In the figure (i) given below, DE || BC and the ratio of the areas of △ADE and trapezium DBCE is 4 : 5. Find the ratio of DE : BC.

Given, ratio of the areas of △ADE and trapezium DBCE = 4 : 5.

$\therefore \dfrac{\text{Area of △ADE}}{\text{Area of trapezium DBCE}} = \dfrac{4}{5} \\[1em] \Rightarrow \dfrac{\text{Area of △ADE}}{\text{Area of △ABC - Area of △ADE}} = \dfrac{4}{5} \\[1em] \Rightarrow 5 \text{ Area of △ADE} = 4 (\text{Area of △ABC - Area of △ADE}) \\[1em] \Rightarrow 9 \text{ Area of △ADE} = 4 \text{Area of △ABC} \\[1em] \Rightarrow \dfrac{\text{Area of △ADE}}{\text{Area of △ABC}} = \dfrac{4}{9}.$

Considering △ABC and △ADE,

∠ A = ∠ A (Common angles)
∠ ADE = ∠ ABC (Corresponding angles are equal)

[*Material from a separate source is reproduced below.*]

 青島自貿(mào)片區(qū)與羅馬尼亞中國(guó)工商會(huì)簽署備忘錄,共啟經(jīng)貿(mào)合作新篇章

Hence, by AA axiom △ADE ~ △ABC.

We know that, the ratio of the areas of two similar triangles is equal to the ratio of the square of their corresponding sides.

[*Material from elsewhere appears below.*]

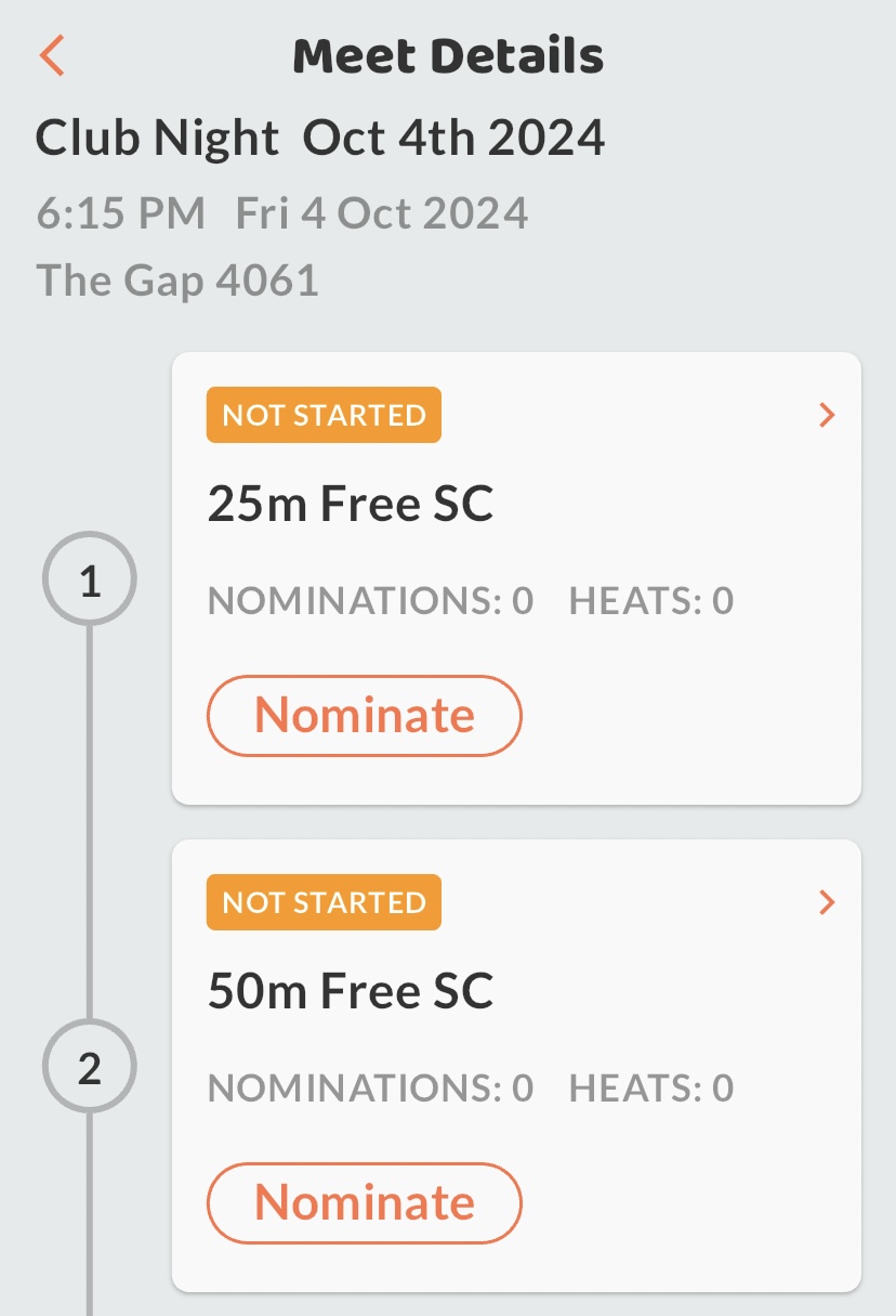 When nominating for an event for the first time, you must swim 25m events, until a seed time is recorded in the Swim Club Connect app. This doesn’t apply to IM.

$\therefore \dfrac{\text{Area of △ADE}}{\text{Area of △ABC}} = \dfrac{DE^2}{BC^2} \\[1em] \Rightarrow \dfrac{4}{9} = \Big(\dfrac{DE}{BC}\Big)^2 \\[1em] \Rightarrow \dfrac{DE}{BC} = \sqrt{\dfrac{4}{9}} \\[1em] \Rightarrow \dfrac{DE}{BC} = \dfrac{2}{3}.$

Hence, the ratio of DE : BC is 2 : 3.